_Task directions_
I'd like the data beneath this line reproduced exactly, without any of its images.

_Supplied material_
•••••

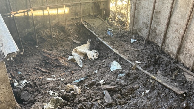 Ale najgorsza była gnojówka, która spływała do środka prosto od bydła. Wlewała się do kojca, mieszała się z Jego odchodami i moczem, zalewała każdy centymetr podłoża. Pies całe życie stał i leżał w tej brudnej, cuchnącej cieczy, z której unosiły się chmary meszek i komarów. Owady kąsały Go bez końca.
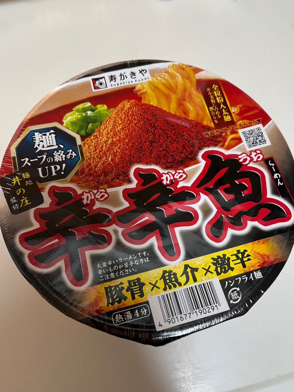 これ最高に楽しかったです!魚粉がカツオみたいな味で出汁効いてました!辛さはちょうど良くて普通に辛いし鼻水出るけど美味しさの方が感じられます😆ノンフライ麺です!麺にこし?があって噛み切れなくて辛い辛いってなりました笑蒙古タンメン超えたかもって思うくらい美味しかったです😋
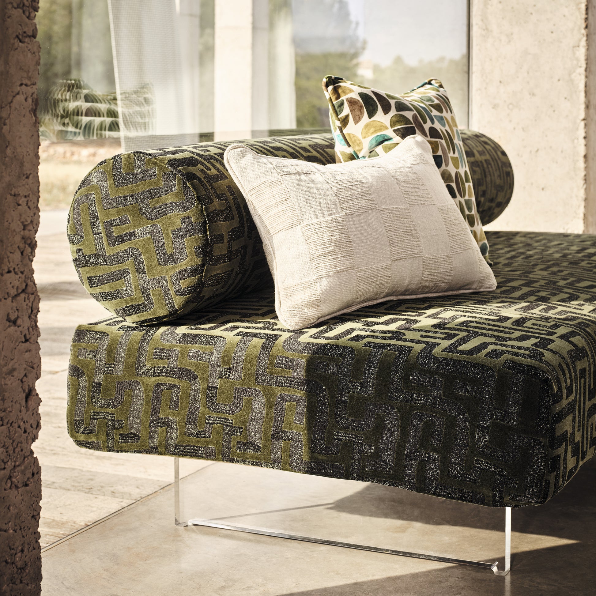 Checkmate’s riotous other half, Juego, pronounced ‘hweh-goh’ meaning ‘game’ in Spanish, is a continuation of inspired playfulness, full of gregarious designs and highly textured fabrics. Elaborate embroideries, colourful tapestries, linens, chenilles and velvets, you name it, this collection has it. Crude patterns bring a beachy vibe with their beautifully bold, organic demeanour and rugged character, presented in an earthy colour palette that Zinc is known and loved for, packed with rich shades of Tobacco, Hunting and Ochre.

•••••

_Response below_
 Ale najgorsza była gnojówka, która spływała do środka prosto od bydła. Wlewała się do kojca, mieszała się z Jego odchodami i moczem, zalewała każdy centymetr podłoża. Pies całe życie stał i leżał w tej brudnej, cuchnącej cieczy, z której unosiły się chmary meszek i komarów. Owady kąsały Go bez końca.
 これ最高に楽しかったです!魚粉がカツオみたいな味で出汁効いてました!辛さはちょうど良くて普通に辛いし鼻水出るけど美味しさの方が感じられます😆ノンフライ麺です!麺にこし?があって噛み切れなくて辛い辛いってなりました笑蒙古タンメン超えたかもって思うくらい美味しかったです😋
 Checkmate’s riotous other half, Juego, pronounced ‘hweh-goh’ meaning ‘game’ in Spanish, is a continuation of inspired playfulness, full of gregarious designs and highly textured fabrics. Elaborate embroideries, colourful tapestries, linens, chenilles and velvets, you name it, this collection has it. Crude patterns bring a beachy vibe with their beautifully bold, organic demeanour and rugged character, presented in an earthy colour palette that Zinc is known and loved for, packed with rich shades of Tobacco, Hunting and Ochre.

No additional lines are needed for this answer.